### TASK REQUIREMENTS:
A word-for-word copy of the lines below, starting at the line with "雪中飞中老年爸爸装男士羽绒服中长款加厚双充可脱卸内胆冬季外套" and ending at the last one, is what you should give. Omit every picture.

** Opening GIVEN INFORMATION block **

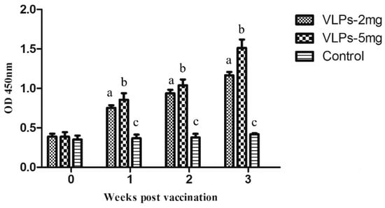The RHDV2 VLPs were then used to immunize rabbits. Groups of five rabbits were immunized subcutaneously with different dosages of VLPs or with control antigen. Serum was collected every week and RHDV2-specific antibodies in immunized rabbits were detected by indirect ELISA assays. The antibody titers of rabbits immunized with VLPs were shown to increase with time and are statistically different from the control group. As expected, the antibody titers in rabbits immunized with 5 mg VLPs are a little higher than those immunized with 2 mg VLPs (Figure 4).
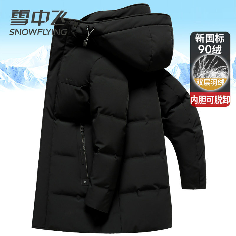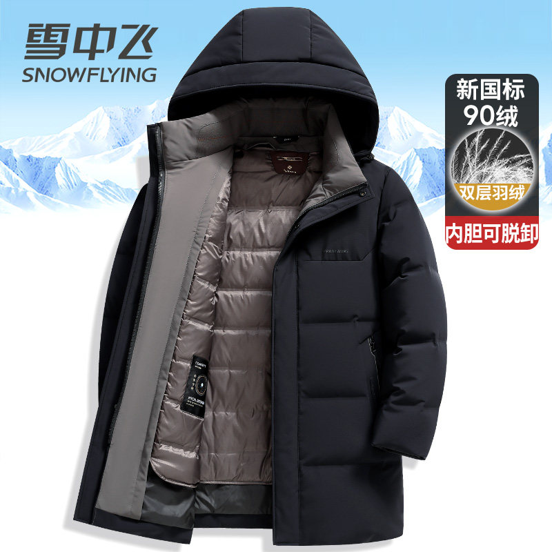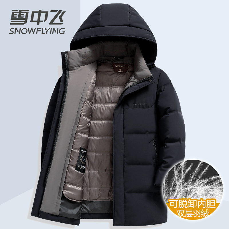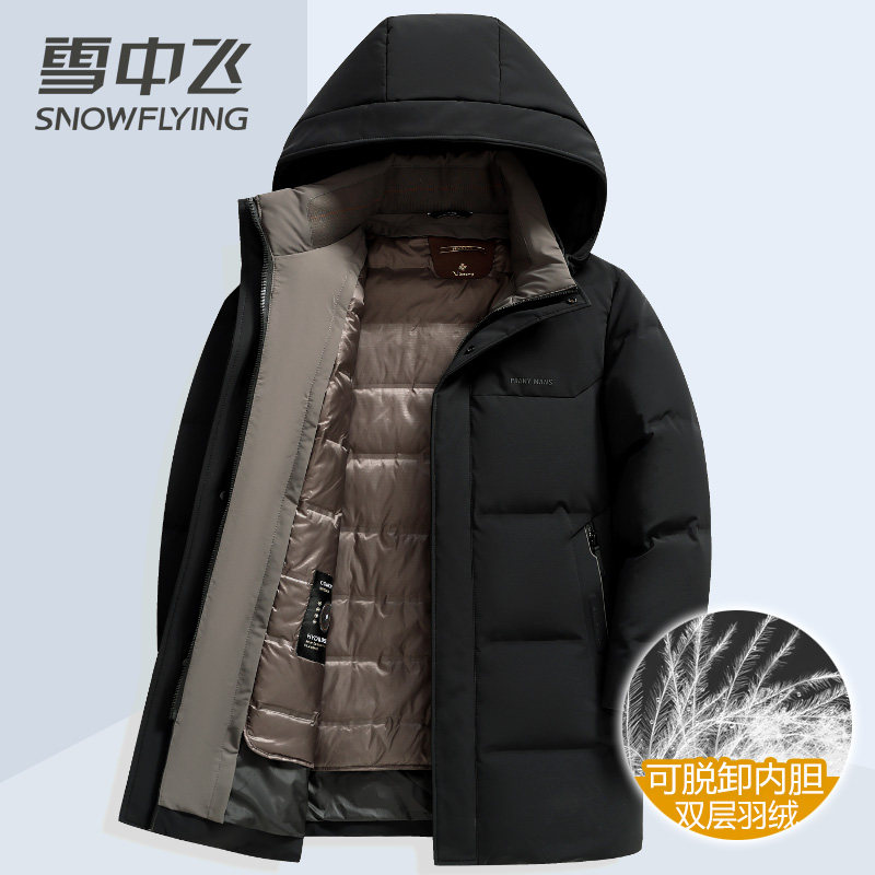雪中飞中老年爸爸装男士羽绒服中长款加厚双充可脱卸内胆冬季外套
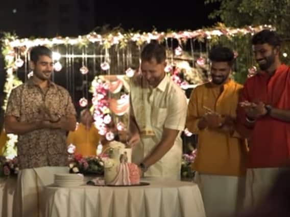 Devon Conway Celebration Video: चेन्नई सुपर किंग्स (CSK) के बल्लेबाज डेवोन कॉन्वे ने हाल ही में आईपीएल सीज़न के बीच टीम के खिलाड़ियों के साथ अपनी प्री-वेडिंग पार्टी की थी. सेलिब्रेशन के दौरान चेन्नई के कई खिलाड़ी भारत की पारंपरिक ड्रेस पहने और जमकर मस्ती करते हुए नजर आए. फ्रैंचाइज़ी ने इस सेलिब्रेशन का एक वीडियो जारी किया, जिसमें कॉन्वे और उनकी मंगेतर किम वॉटसन को केक काटते हुए देखा गया. जो जल्द ही साथियों ने कॉन्वे के चेहरे पर लगा दिया. वीडियो में ड्वेन ब्रावो ने जबरदस्त डांस किया. इतना ही नहीं सेलिब्रेशन के दौरान एमएस धोनी भी म्यूजिक पर झूमते हुए नजर आ रहे हैं. यह वीडियो फैंस को काफी पसंद आ रहा है.

** Closing GIVEN INFORMATION block **

### WRITTEN SOLUTION:
雪中飞中老年爸爸装男士羽绒服中长款加厚双充可脱卸内胆冬季外套
 Devon Conway Celebration Video: चेन्नई सुपर किंग्स (CSK) के बल्लेबाज डेवोन कॉन्वे ने हाल ही में आईपीएल सीज़न के बीच टीम के खिलाड़ियों के साथ अपनी प्री-वेडिंग पार्टी की थी. सेलिब्रेशन के दौरान चेन्नई के कई खिलाड़ी भारत की पारंपरिक ड्रेस पहने और जमकर मस्ती करते हुए नजर आए. फ्रैंचाइज़ी ने इस सेलिब्रेशन का एक वीडियो जारी किया, जिसमें कॉन्वे और उनकी मंगेतर किम वॉटसन को केक काटते हुए देखा गया. जो जल्द ही साथियों ने कॉन्वे के चेहरे पर लगा दिया. वीडियो में ड्वेन ब्रावो ने जबरदस्त डांस किया. इतना ही नहीं सेलिब्रेशन के दौरान एमएस धोनी भी म्यूजिक पर झूमते हुए नजर आ रहे हैं. यह वीडियो फैंस को काफी पसंद आ रहा है.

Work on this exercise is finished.